The pain was so evident it slapped you in the face like a cold winter morning.

Cary-Grove senior guard Megan Straumann emerged from the Trojans' locker room and you could tell right away it was going to be a few minutes before she could talk.

A few hugs with family and coaches and then she acknowledged the lurking sports writer who, no matter how many times he's done it, still feels the pain with the kids.

A miraculous comeback attempt had fallen short and the Trojans had just lost to Geneva 55-53 in the championship game of the Class 4A sectional at Jacobs.

It was a step further than Cary-Grove had gone last year; in fact, the plaque Geneva was passing around would have been Cary-Grove's first like it in girls basketball since 1989.

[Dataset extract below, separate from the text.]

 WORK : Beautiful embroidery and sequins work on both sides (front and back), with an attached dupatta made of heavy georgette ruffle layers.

Just being in the sectional was further than Straumann got last year on the court, when she lost her junior season to an ACL injury.

She came back strong this year, and got stronger and stronger as the season went on. So strong, in fact, that Geneva coach Gina Nolan knew she had to defend Straumann with Kat Yelle, Straumann's AAU teammate and friend who held the Cary-Grove floor leader to 2 points.

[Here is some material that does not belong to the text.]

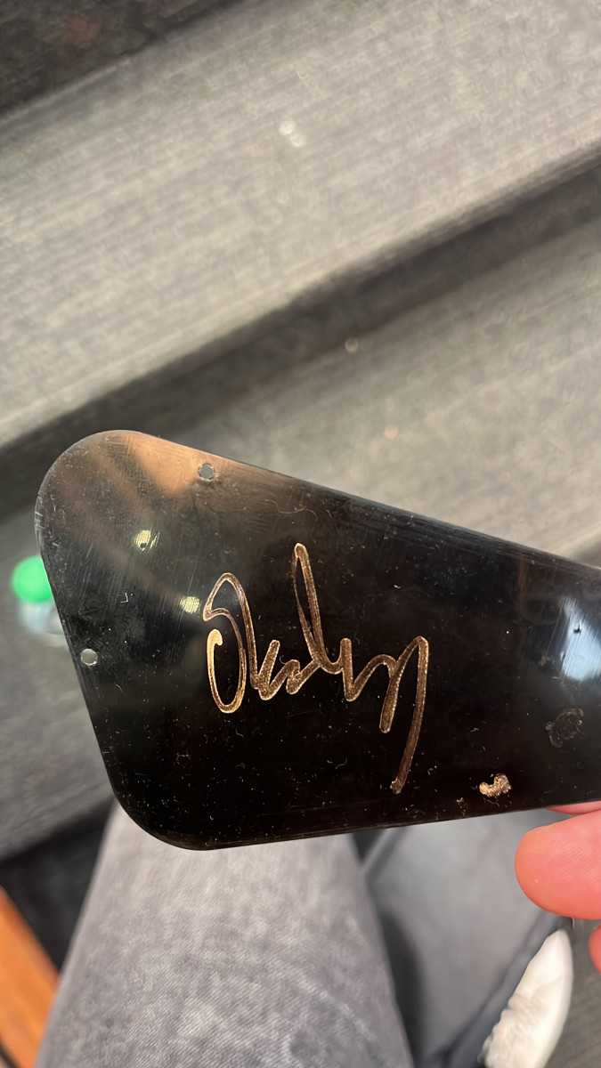 Monta unas pastillas Bare Knuckle Rebel Yell envejecidas… el modelo signature de Steve Stevens, lo cual le da un sonido ochentero tremendo. Además de que la tapa trasera está firmada por el mismísimo Ola Strandberg.

“I knew she was an outstanding player,” Yelle said. “I might have had an advantage playing defense on her because I know her so well and know her game. I have great respect for how she plays.”

Straumann gave Yelle her props, but it wasn't easy through the tears.

“She's a great player and I have so much respect for her even if I didn't know her,” Straumann said of Yelle. “I give her all due respect as a friend and as a player.”

See, that's why Cary-Grove athletes are so easy to follow and write about. They always, and I mean always, show respect, win or lose.

On this night, even in defeat, they deserve a bit of respect, too. And a ton of admiration.

And that goes tenfold to Straumann and her senior classmate Claire Jakubicek, who both left every bit of their hearts on the floor Thursday night, especially in the second half when they stormed back from as much as a 14-point deficit to make the sectional championship game as exciting as, well, a sectional championship game should be.

“At halftime we told each other we weren't going down without a fight,” said Straumann, who had 5 steals and 4 assists. “We were going to claw for every point and make them claw for every point.

“We did that and that makes it hurt ten times more. It also, I guess, makes it that much more rewarding.”

Jakubicek scored 23 points, 13 of them in the second half as the Trojans climbed back into the game. But in the end she didn't have enough offensive support to overcome Geneva's Yelle, Ashley Santos and Katelyn Allen, whose 2 free throws with 3.6 seconds to play won it for the Vikings.

“Our team worked our butts off and came back and I couldn't ask for anymore than that,” said Jakubicek, who will take her talents to NIU this fall. “We all wanted it so bad. We knew we had to play together and believe in each other.”

Which is what this band of eight Cary-Grove girls did all year, led by Straumann and Jakubicek.

“It's been an incredible season,” said an emotional C-G coach Rod Saffert, whose team finished 27-4. “Claire and Meg have taken us to new heights. We're 101-19 with them the last four years, we won three conference championships and three regionals.”

It's of small consolation but Straumann and Jakubicek each advanced to state in the IHSA 3-point contest prior to Thursday's game, so they will get a chance to experience the Redbird Arena floor. Saffert believes they may be Cary-Grove's first two qualifiers in the event.

And when they walk onto the Redbird floor next Thursday they will surely be thinking about what might have been.

But they, their coaches and their teammates, should always remember what was. Remember the great things they accomplished and how they became a family and not just a basketball team.

A Cary-Grove family. Which, win or lose, still stands above the rest in so many ways.